Abb. I.9: Ein zyklisches Modell der Diagnostik (aus: Schuck, K. D. (2004a): Zur Bedeutung der Diagnostik bei der Begleitung von Lern- und Entwicklungsprozessen. In: Zeitschrift für Heilpädagogik 55, 8, 350–360, hier 356)
Abb. I.10: Schematische Darstellung des förderdiagnostischen Prozesses (aus: Breitenbach, E. (2003): Förderdiagnostik. Theoretische Grundlagen und Konsequenzen für die Praxis. Würzburg: edition bentheim, 67)
• Lehrangebot und Lernziel
Aus seinem didaktischen Wissen heraus macht ein Lehrender einem Kind oder Jugendlichen ein Lehrangebot, um ein bestimmtes Lernziel zu erreichen. Ein Grundschullehrer weiß z. B., wie Kinder normalerweise das Schreiben, Lesen oder Rechnen lernen und gestaltet entsprechend sein Lehren.
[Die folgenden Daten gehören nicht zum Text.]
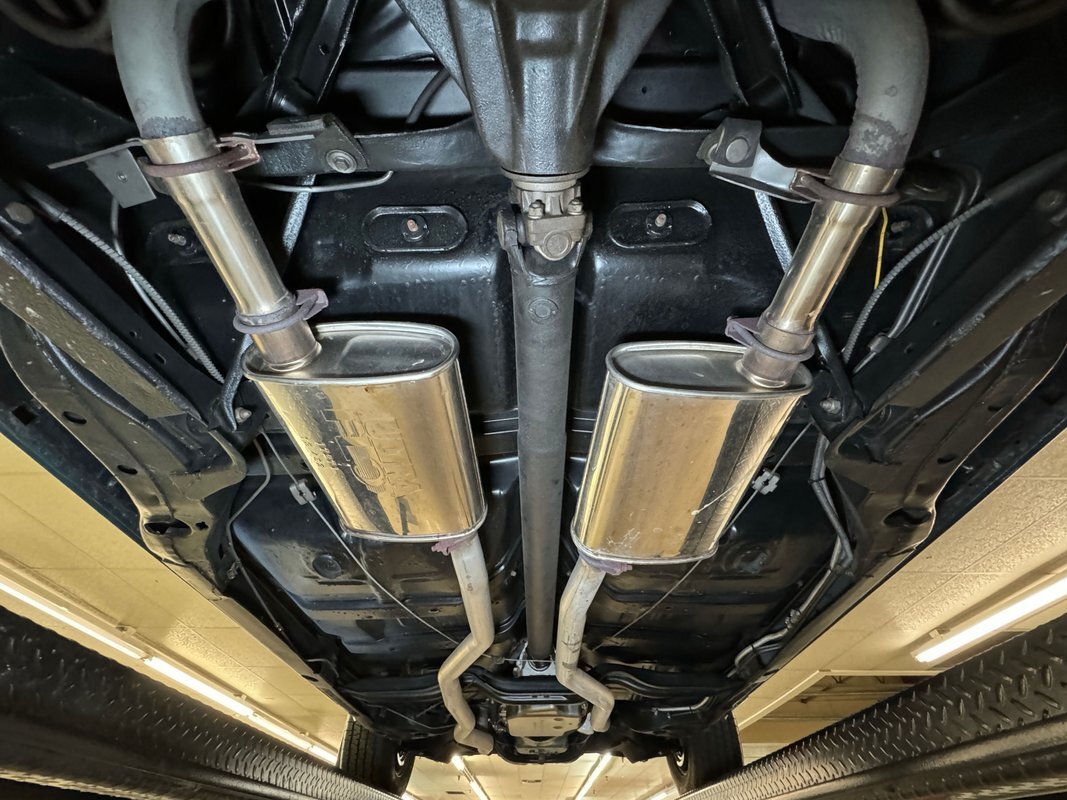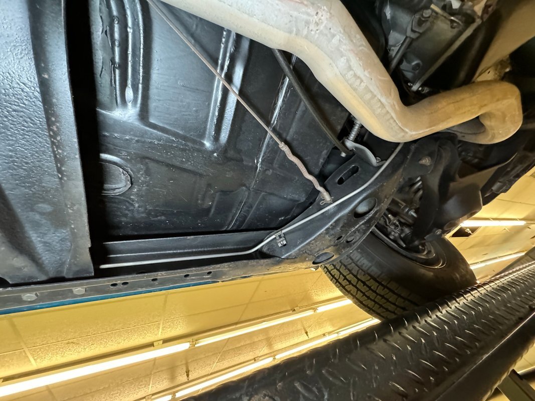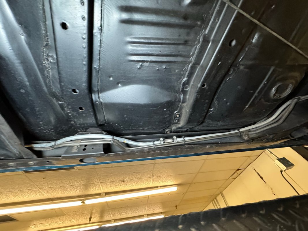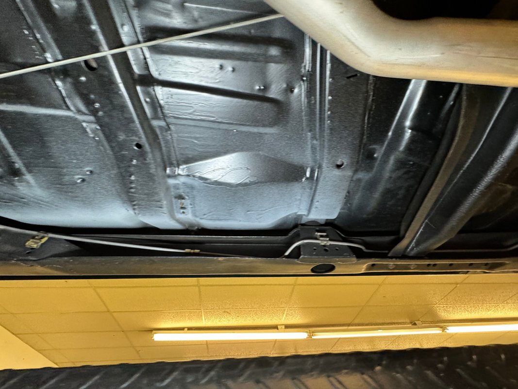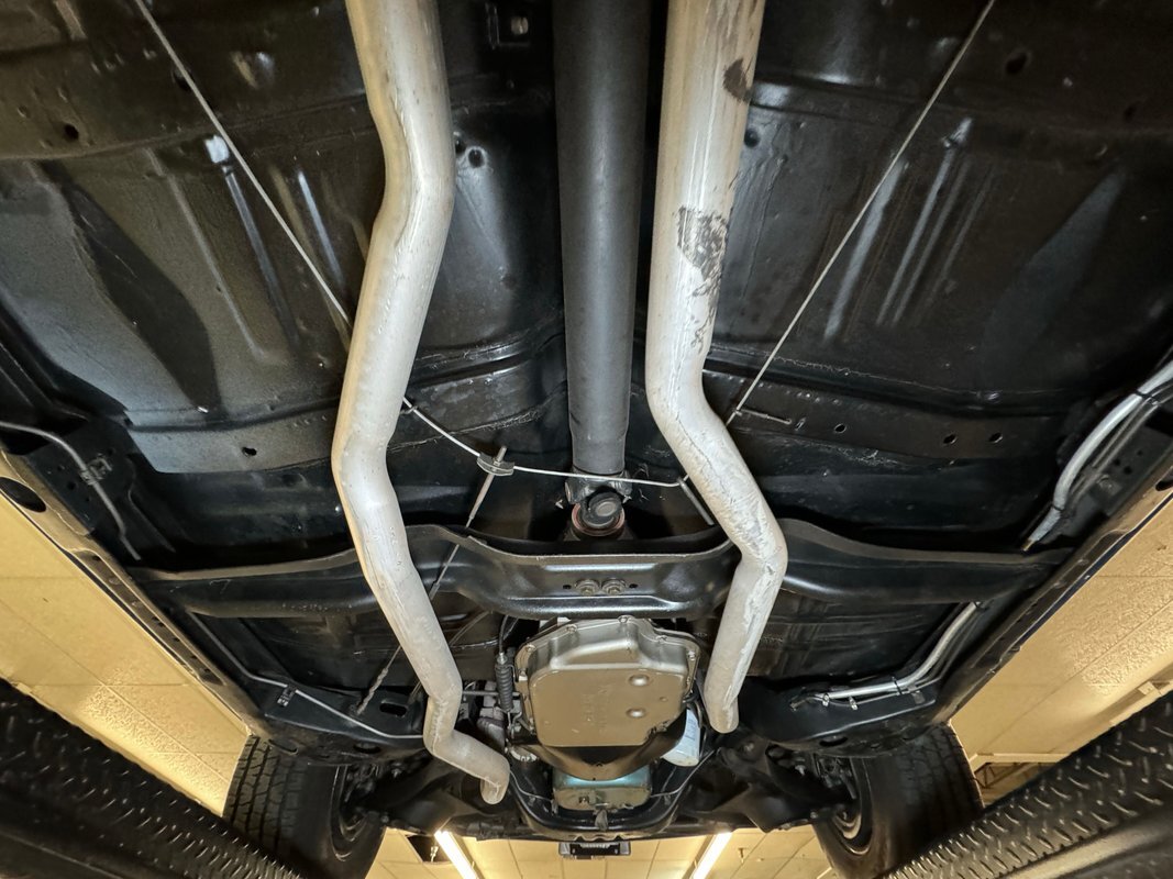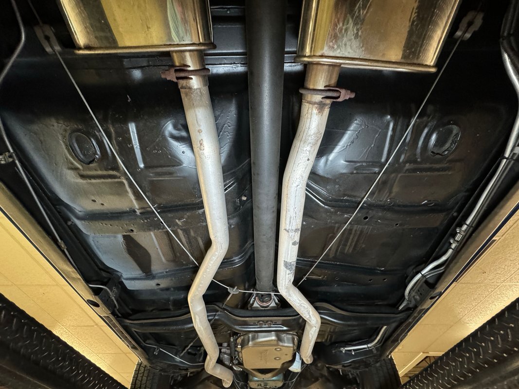 Twist the pins and pop the hood and we're impressed with the very clean numbers matching 455ci V8 with a W30 cam inside and a Holley 4-barrel carburetor on top. The original Rochester Quadrajet will come with the car. Grabbing that power and sending it to the rear 12 bolt is the numbers matching TH400 3-speed automatic transmission. Brakes on board are drums at each corner. UndercarriageSuper clean on the bottom side with a lack of surface rust, road dirt, grease build up, and errant fluids. Suspension consists of coil springs up front and a 4 link with coil springs in the back. The dual exhaust encounters a pair of stainless Borla mufflers before trumpeting out the back.

Trifft ein solches Lehrangebot beim Lernenden auf Lernbereitschaft und entsprechende Lernfähigkeit, so wird der Lernende sich auf dieses Lehrangebot einlassen und auf das Neue aktiv zugreifen.
• Lernhemmungen
An verschiedenen Stellen des Lehr-Lern-Prozesses können jedoch beim Lernenden aus den unterschiedlichsten Gründen Lernschwierigkeiten, Lernhemmungen auftreten, die er nicht allein und nicht mit den bisherigen Hilfen überwinden kann. Der Lehrende ist nun gezwungen, den Lehr-Lern-Prozess an dieser Stelle zu analysieren, um zu verstehen und um aus diesem Verstehen heraus dem Lernenden weitere Hilfen zur Überwindung seiner Lernhemmungen anbieten zu können. Es entsteht für den Lehrenden damit eine spezifische diagnostische Fragestellung.
• Erste Hypothesenbildung
Der Lehrende besitzt einerseits ein allgemeines Wissen über Lehren und Lernen, über den Verlauf einzelner Erwerbsprozesse und über Lernhindernisse sowie andererseits auch bereits ein bestimmtes Wissen über den Lernenden und dessen individuelle Lernbedingungen. Auf dieser Wissensbasis entwickelt der Lehrende erste Hypothesen über mögliche Gründe und Bedingungen für das Entstehen der Lernhemmung beim Lernenden. So kann z. B. ein Lehrer, dessen Schüler übermäßig viele Rechtschreibfehler im Diktat machen, die Vermutung haben, diese große Fehlerzahl hänge mit einer mangelnden Kenntnis der Rechtschreibregeln, mit einer zu gering entwickelten auditiven Gliederungsfähigkeit oder auch mit einer zu geringen Merkfähigkeit für sprachliches Material zusammen.